Course Description
A data product is the production output from a statistical analysis. Data products automate complex analysis tasks or use technology to expand the utility of a data informed model, algorithm or inference. This course covers the basics of creating data products using Shiny, R packages, and interactive graphics. The course will focus on the statistical fundamentals of creating a data product that can be used to tell a story about data to a mass audience.
You will learn how communicate using statistics and statistical products. Emphasis will be paid to communicating uncertainty in statistical results. You will learn how to create simple Shiny web applications and R packages for their data products. In addition, we’ll cover reproducible presentations and interactive graphics.
Course content
- Shiny, rCharts, manipulate, googleVis
- Presenting data analysis, slidify, R Studio presenter.
- Students creating and deploying their projects
- Creating R packages, classes and methods, swirl.
Articles
Coming Soon!
What I’ve learned
Week 1
I got introduced to the shiny app, how you take the UI.R file and server.R file and use it to form a shiny app. What I got from it was you form inputs from your UI, then in your server file, you take them and do something with them to output it. And in your UI file, you generate the output. It has the idea of ui as a front end, and server as a back end. The basic idea is UI controls the appearance and style, whereas server controls the functions.
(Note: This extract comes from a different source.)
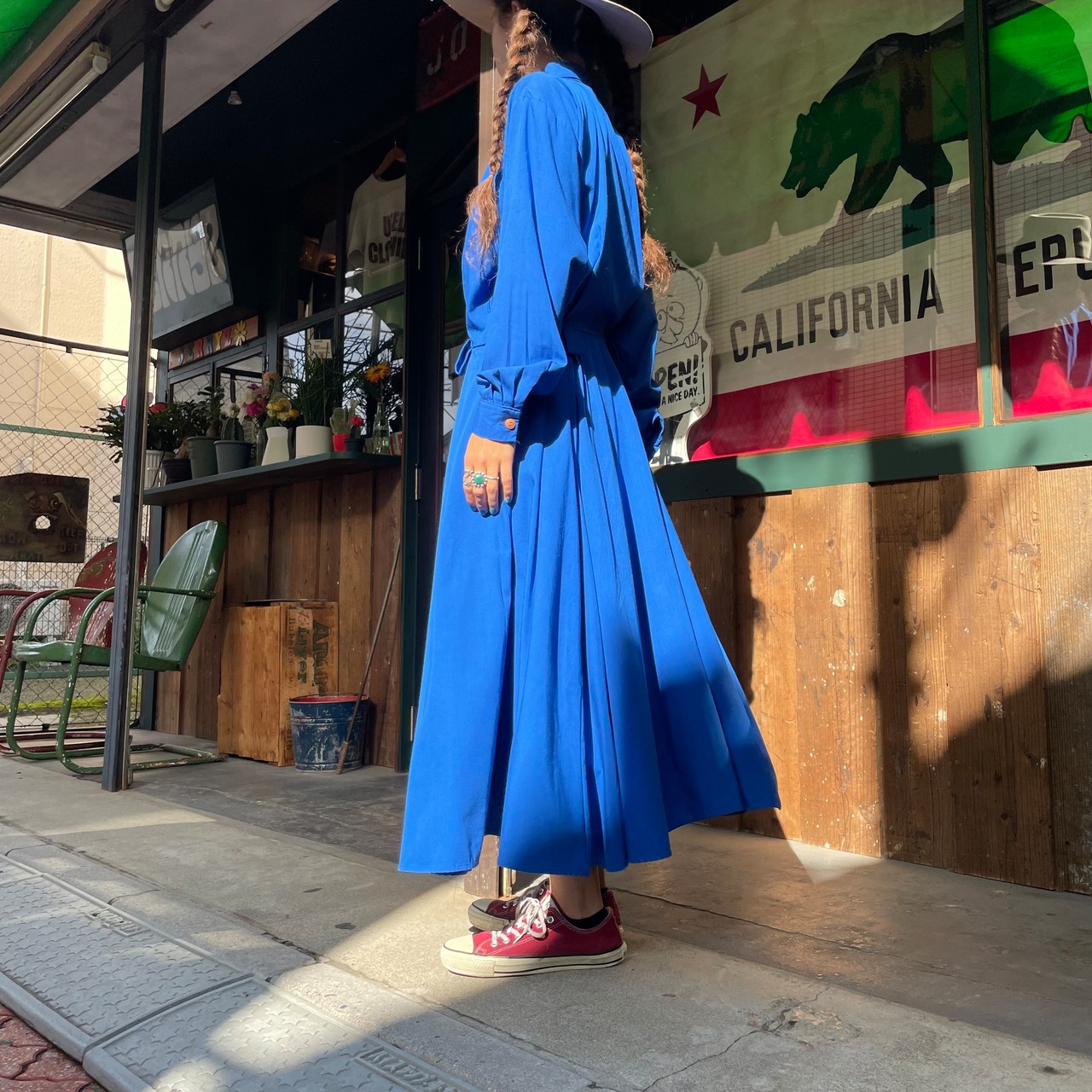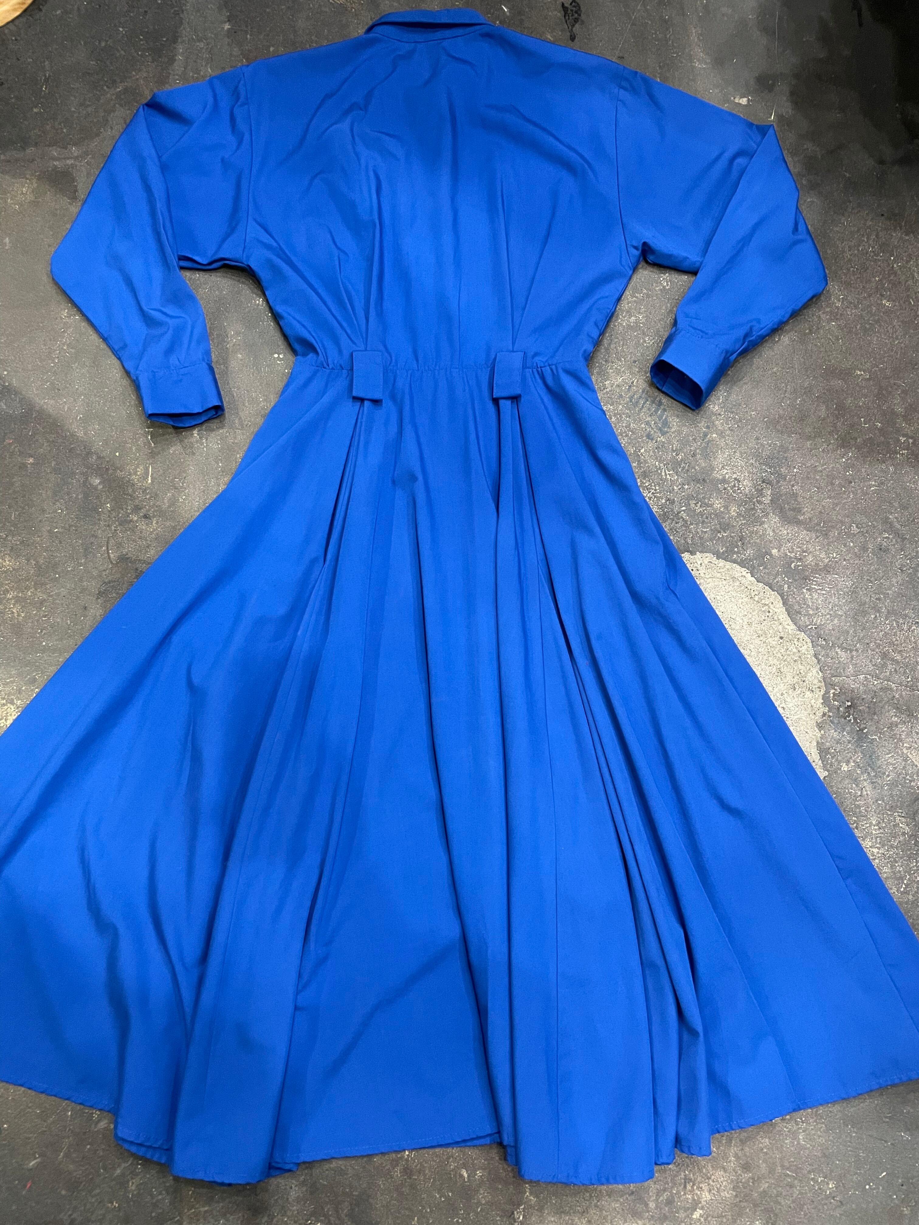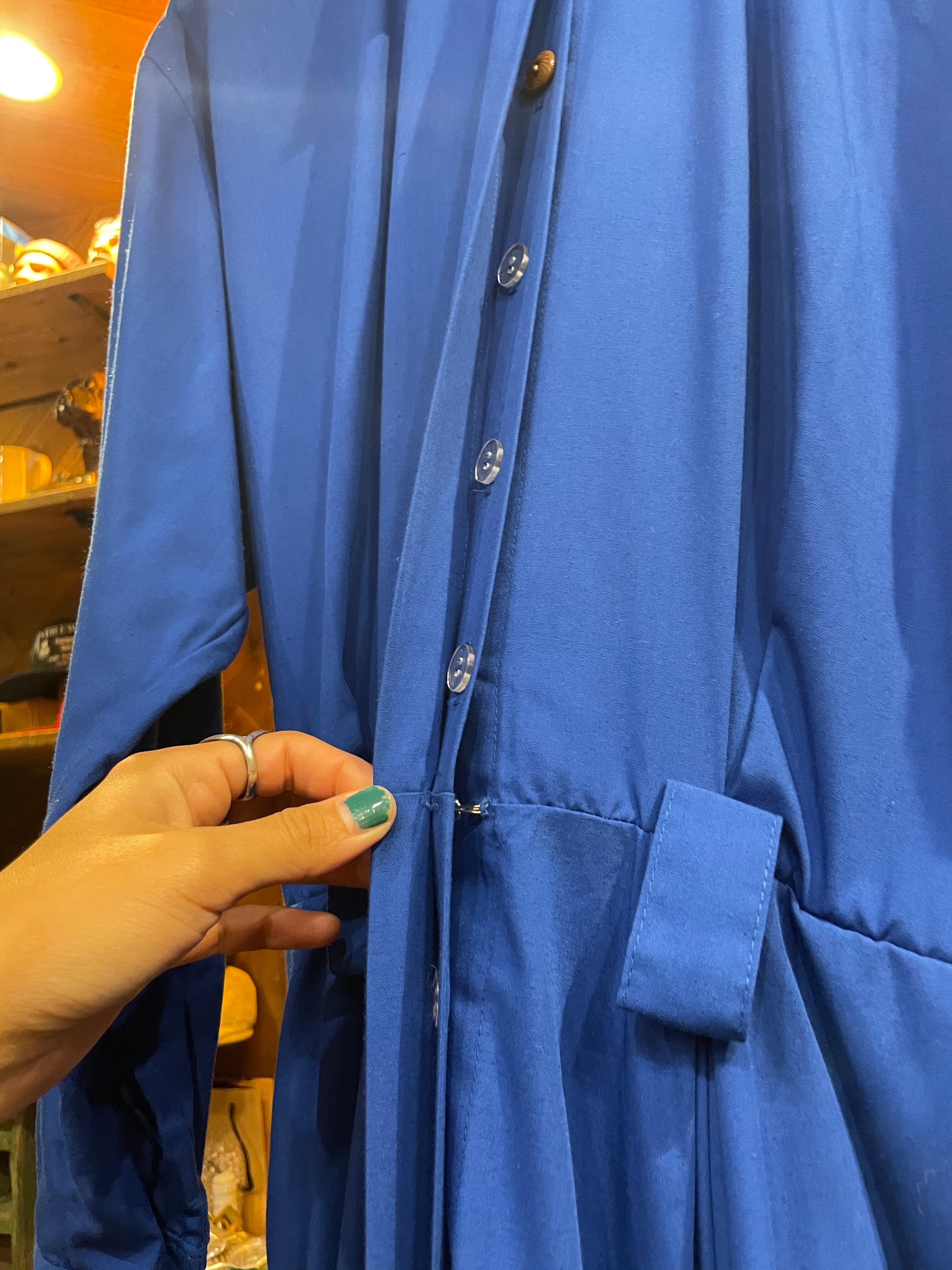 濃いめの青一色が潔くてかっこいいシャツワンピースです。

I also learned about shiny gadgets, where you form small apps in your rstudio and you can interact with it. I also tried out pltoly and the Google Vis api to make amazing plots. I found this course to be pretty old, as shiny has developed quite a lot since then, and doing the projects made me realize that there are better ways to make a shiny app.
Week 2
This week was about r markdown and leaflet. Leaflet was new to me and I was really amazed how easy it was to create a map using R. the basic idea was to create a make a leaflet object with leaflet()
then use addTiles()
to form a basic map, and lastly addMarkers()
to add points.
Week 3
I learned about building r packages here. This was a really fun lecture because I always wondered how R packages were made. Important things I learned here were a package must consist of desciption file, R code, documentation and NAMESPACE. I also loved the Roxygen2 syntax that allows you to document your code in the code file itself.
Week 4
I learned about how to make swirl, there is this package called swirlify that allows you to build a swirl course yourself. Pretty cool.
Project
There were a total of 3 projects. The first one was about using the leaflet package, so I decided to plot a map that contained the Starbucks location in the United States.
The second project was about using the R markdown and plotly to create a presentation. I used the gapminder data and used plotly to animate the GDP and life expectancy relationship over the years
The last project was about creating a shiny app and a reproducible pitch to talk about the presentation. I made a simple covid-19 dashboard with the covid19 package, it was really intuitive to use. I switched up how I create the presentation and used the slidy format instead of the ioslides, and it looked a lot nicer and had a wider form, which was great.
Overall this course was pretty shallow, would’ve loved more content about building the shiny app, and then deploying it, possible using docker to containerize.